* **TASK INSTRUCTIONS**
At the line containing "Easter Sugar Cookies", begin an exact copy of the lines below and continue through the final one, with no pictures.

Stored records
- - - -

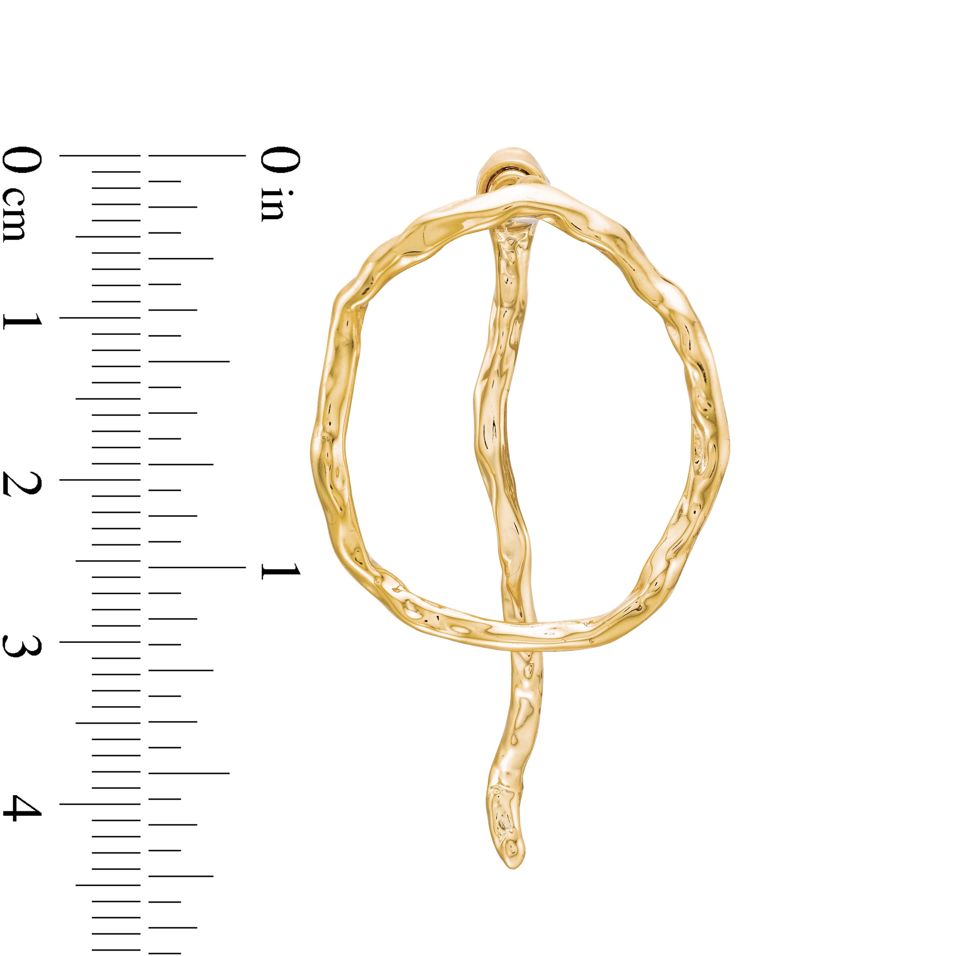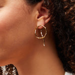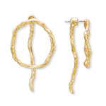 The Aspen Front and Back Earrings in Gold by Rocksbox Redefined feature a unique front-facing hoop and a behind-the-ear drop for an unexpected statement. These earrings are made of high polish, 14k gold-plating, and measure 2.25". Made with reclaimed materials.
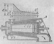 Схема работы пара в многоступенчатой реактивной турбине дана на рис. 6. Турбина состоит из корпуса 4, в котором укреплены неподвижные направляющие лопатки 3, и ротора 2, на котором размещены подвижные рабочие лопатки 1. Пар давлением р0
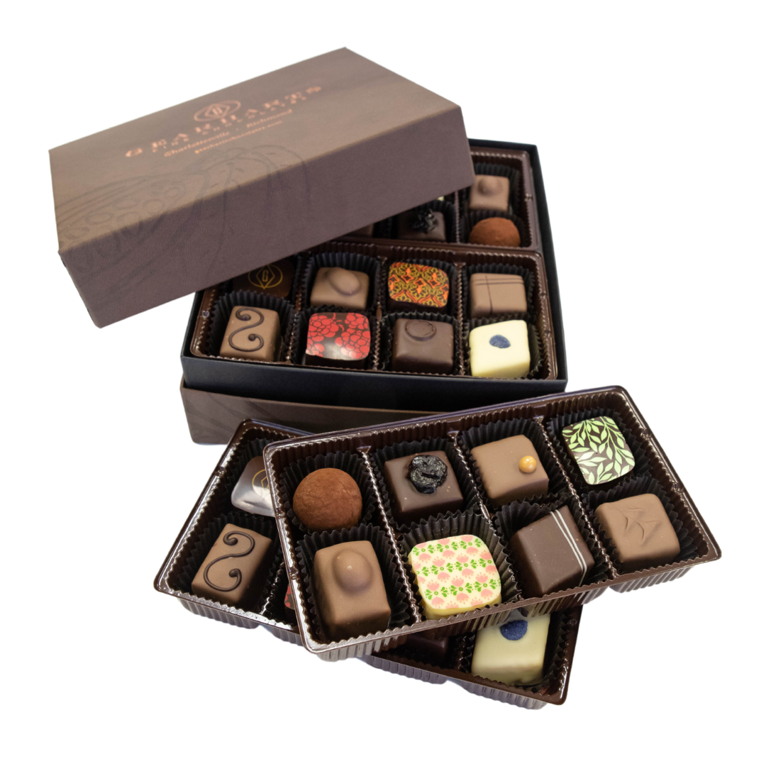 A perfect gift for springtime celebrations! This assortment features two pieces each of our handcrafted signature line chocolates.
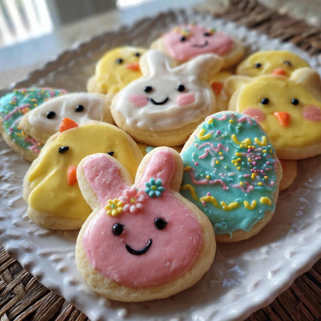Easter Sugar Cookies that yields tender, buttery cookies perfect for decorating with royal icing. Features bunny, egg, and chick shapes with pastel colors and springtime sprinkles. Optional lemon zest adds brightness. Great for Easter brunch, kid-friendly baking, or springtime celebrations.
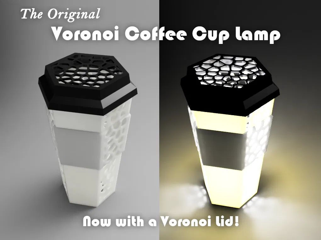 Thiết kế low poly nguyên bản của chiếc đèn này được làm để sử dụng đèn nháy (hoặc đèn fairy) làm nguồn sáng chính. Độ dày của thành là 2mm, với ba trong sáu mặt khoe ra các họa tiết Voronoi khác nhau. Nó được tạo phong cách theo một chiếc ly cà phê mang đi tiêu chuẩn 20oz, tương tự như những chiếc ở Starbucks và có 3 (hoặc 4) bộ phận. Kích thước: Khoảng 108mm đường kính x 180mm chiều cao (bao gồm cả đế). Có sẵn các tệp 3MF và STL.

- - - -

* **EXERCISE OUTPUT**
Easter Sugar Cookies that yields tender, buttery cookies perfect for decorating with royal icing. Features bunny, egg, and chick shapes with pastel colors and springtime sprinkles. Optional lemon zest adds brightness. Great for Easter brunch, kid-friendly baking, or springtime celebrations.
 Thiết kế low poly nguyên bản của chiếc đèn này được làm để sử dụng đèn nháy (hoặc đèn fairy) làm nguồn sáng chính. Độ dày của thành là 2mm, với ba trong sáu mặt khoe ra các họa tiết Voronoi khác nhau. Nó được tạo phong cách theo một chiếc ly cà phê mang đi tiêu chuẩn 20oz, tương tự như những chiếc ở Starbucks và có 3 (hoặc 4) bộ phận. Kích thước: Khoảng 108mm đường kính x 180mm chiều cao (bao gồm cả đế). Có sẵn các tệp 3MF và STL.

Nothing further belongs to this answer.